Optimizing 2D Convolutions Implementation

See the above video showing the results of the code implementation of the math below!
There are three 2D Kernels of size 3x3 that is being trained to denoise the input image to match the ground truth image as closely as possible, with ReLU non-linearities inbetween the layers. 
As we can see, the convolutional network gets better over time to deal with the salt and pepper noise.
Code implementation included in link at top of blog post.
Code written to follow from this blog post, not to have optimal runtime.

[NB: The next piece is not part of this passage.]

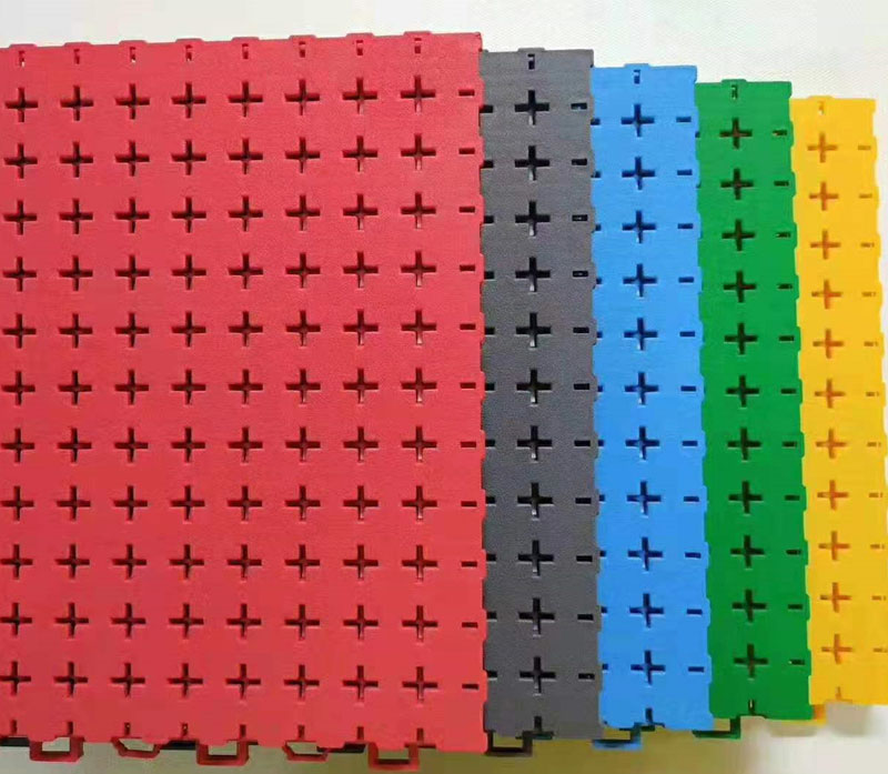 由于產品表面為網狀鏤空結構,地板的底部有水槽,所以清洗地板或雨后均無積水存在,保證了運動地板的利用率。
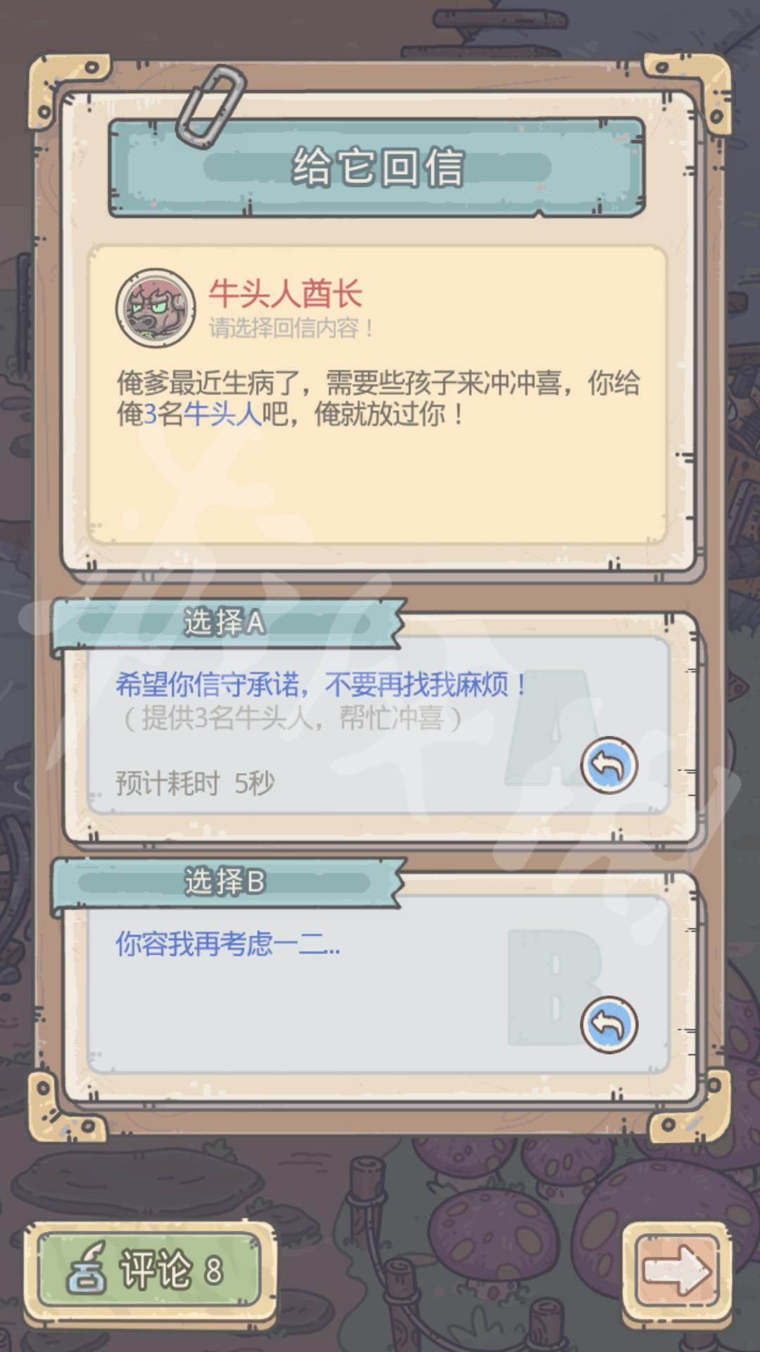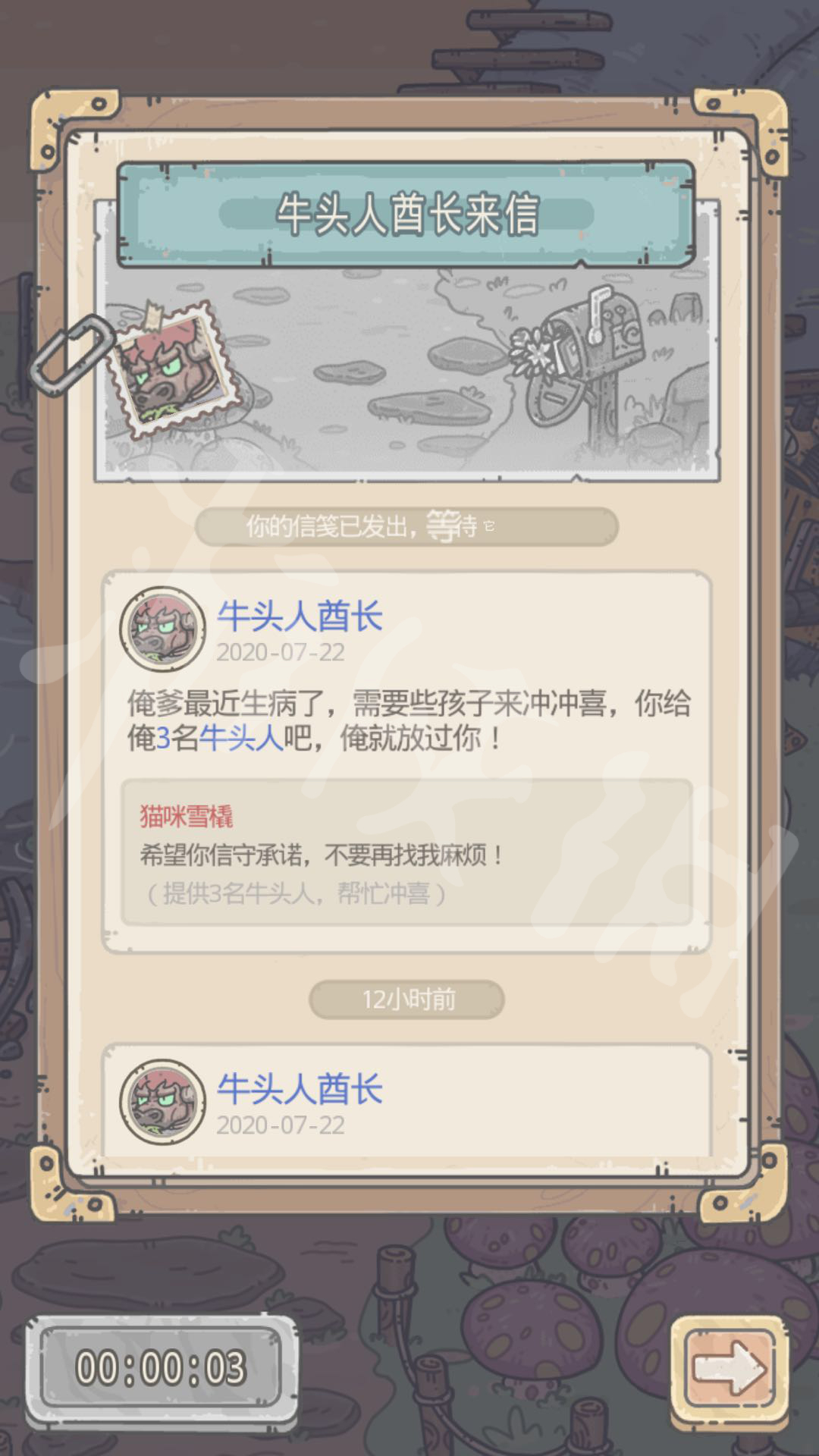 3、我们回复书信,它会向我们要3个牛崽子冲喜。

## Recap from [Optimizing 2D Convolutions](https://www.noteblogdoku.com/blog/optimizing-2d-convolutions)                                                                                                                
                                                                                                                                                                                         
  Given an input image $z \in \mathbb{R}^{m \times n}$, a kernel $k \in \mathbb{R}^{r \times s}$, and a same-padded output $o \in \mathbb{R}^{m \times n}$, the squared-error loss       
  against a clean target $g$ is:

$$L = |g - o|_F^2$$

The derivative of the loss with respect to each output pixel:

$$\frac{\partial L}{\partial o[p,q]} = -2(g[p,q] - o[p,q])$$

The output's dependence on each kernel weight follows directly from the convolution definition:

$$\frac{\partial o[p,q]}{\partial k[i,j]} = z[p - i + P_1,\ q - j + P_2]$$

Applying the multivariate chain rule, the gradient for each kernel element sums over all output positions:

$$\frac{dL}{dk[i,j]} = \sum_{p=0}^{m-1}\sum_{q=0}^{n-1} \frac{\partial L}{\partial o[p,q]} \cdot z[p - i + P_1,\ q - j + P_2]$$

The key result from that post is that this entire gradient matrix is itself a convolution:

$$\frac{dL}{dk} = \left(\frac{dL}{do}^T * z\right)^T$$

The upstream gradient convolved with the input gives the kernel gradient directly. The backward pass and forward pass are **both 2D Convolutions**.

**Note** that for this implementation we are actually using **cross correlation** not **convolution**, this means that instead of flipping the kernel along both of its axes we do not and simply have for each relative position in the kernel it multiplied by its relative position in the input image. Since we are learning these kernel weights, it effectively does not matter since you can just *learn* the flip. In short, convolution is correlation with a flipped kernel.

---
  ## im2col: Unrolling Input Patches into Columns

Implementing the formula above with nested Python loops over $(p, q, i, j)$ is correct but slow. The im2col trick reformulates it as a single matrix multiply.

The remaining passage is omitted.